Al salir de aquel estreno, Alba entró en una librería dedicada al cine. El lugar era cálido, acogedor, con enormes lámparas y bonitas columnas del siglo XIX. Un paraíso para una adicta a los sueños que necesitaba buenas dosis de su droga.“¡Cuántas estrellas voy a encontrarme aquí!” pensó, como si aquella librería fuese una superproducción que englobase a todas sus estrellas favoritas a través de libros y estampas de colores. Justo cuando miraba una de la Garbo entró un señor mayor. Debía tener más de cuarenta años pero resultaba enormemente atractivo. Para Alba, tras radiografiarlo desde las uñas al último pelo no había duda: era una versión castiza del mismísimo Trevor Howard. Y como en la película más famosa del actor británico, ‘Breve encuentro’, el señor se acercó a ella para quitarle algo del ojo. El verano era tan caluroso en Madrid que la ciudad era un criadero de molestos mosquitos que finalizaban su mareante vuelo  en los lugares más insospechados. Ese lugar, para aquel mosquito torpe, era su ojo. Pero si ello servía para conocer más a aquel cuarentón disfrazado de galán de Hollywood, daba igual. Porque sí, todo era un disfraz…
 
Aquel galán se llamaba Ramón y trabajaba en la oficina de Correos. Su padre había sido republicano y ansiaba el día en el que dejaría España para unirse a su familia, exiliada en México, lejos de tanta penuria y tanto horror. Tenía una mujer ciega, Clarisa, diez años mayor que él. Lo había acogido tiempo atrás, cuando la guerra y el consecuente exilio lo dejaron sin familia. Ahora él era la familia de ella.

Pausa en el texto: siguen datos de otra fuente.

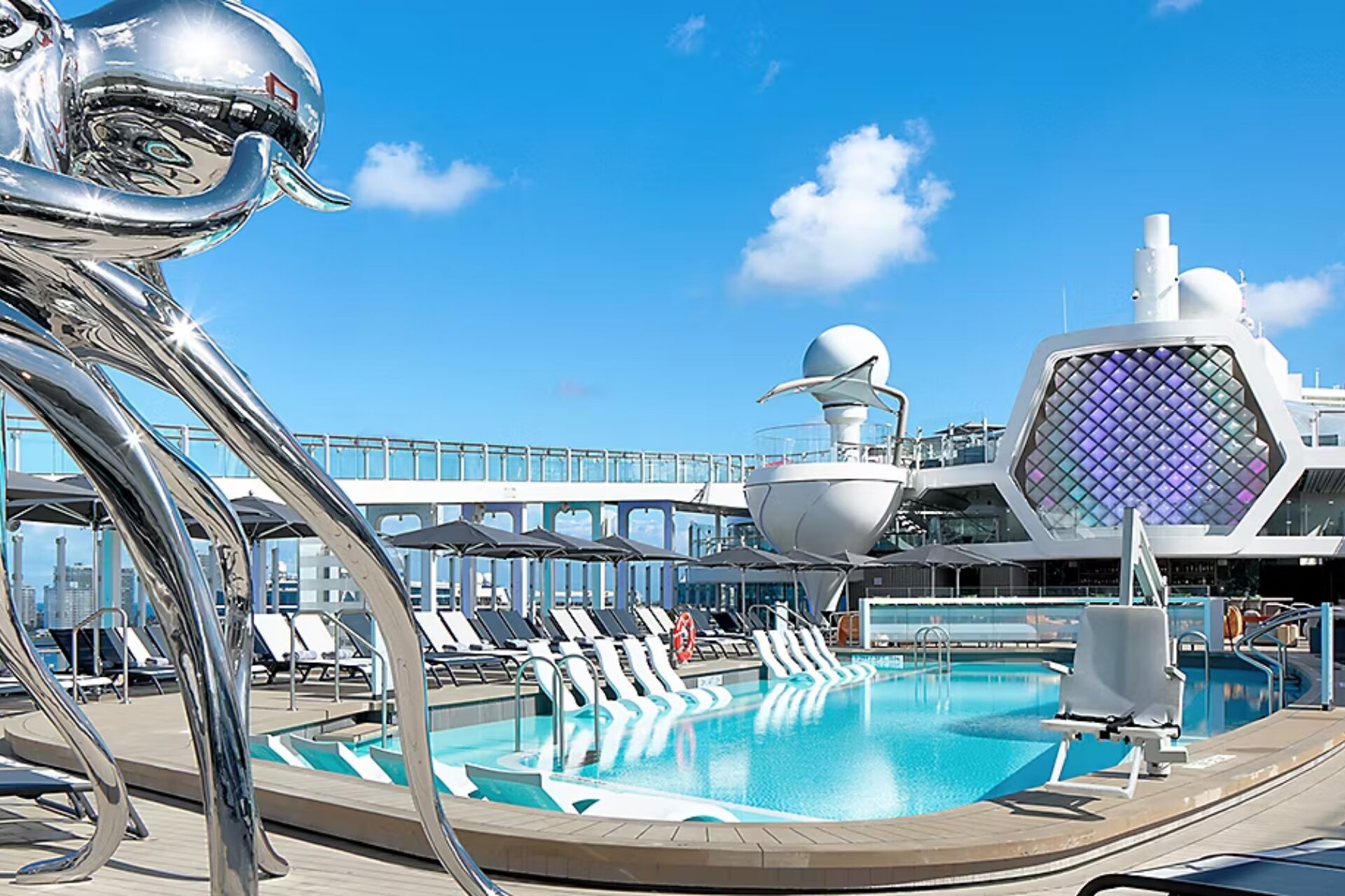 Access to onboard facilities including pools, fitness centre and entertainment

A pesar de sus compromisos matrimoniales y agobios de toda índole, conectó inmediatamente con Alba y juró verla el martes siguiente en la librería.
 
Allí fue donde se encontraron y hablaron de ‘La strada’. A Alba le gustaba Giuletta Massina y Ramón creía que su pantomima era demasiado parecida a las de Chaplin. A Alba le pareció que le llevaba la contraria como eficaz método de conquista. Cada tarde quedaban en la misma esquina de la librería, junto al escaparate lleno de viejas reliquias del séptimo arte. A menudo compraban libros y jugaban a saber qué sección tenía nuevas páginas para disfrutar. Con el tiempo, un beso selló su romance. Cada día, Ramón le traía un objeto diferente como guiño muy particular. Un día le trajo el bastón de su adorado Chaplin. Otro, un lazo del vestido de Scarlett O’Hara; el siguiente, la pajarita de Bogart en ‘Casablanca’. Alba había pillado la broma de Ramón, y esperaba su objeto fetiche casi tanto como a su amado. Pero llegó una triste tarde para los dos. Como también ocurría en las películas que Alba veía, como ocurre muchas veces en la vida real…En la sección de biografías, junto a la de David Wark Griffith, Alba recibió la inesperada noticia: Clarisa había decidido irse a México para operarse y recuperar la vista. Para Ramón era una nueva oportunidad de reencontrarse con los suyos…Para Alba era el fin, la hora de poner un amargo ‘The End’ a su primer resquicio de ilusión madrileña.
 
Ahogada en lágrimas, Alba despertó de un largo sueño. Se había quedado frita mientras leía unas páginas de un libro de Román Gubern en la librería ‘Ocho y medio’. Toda aquella historia era producto de su afilada imaginación de señora anciana. Aquella tarde había elegido la librería madrileña, su rincón cinéfilo favorito, para esperar a sus nietos, que venían a verla a su enorme piso en la calle Martín de los Heros.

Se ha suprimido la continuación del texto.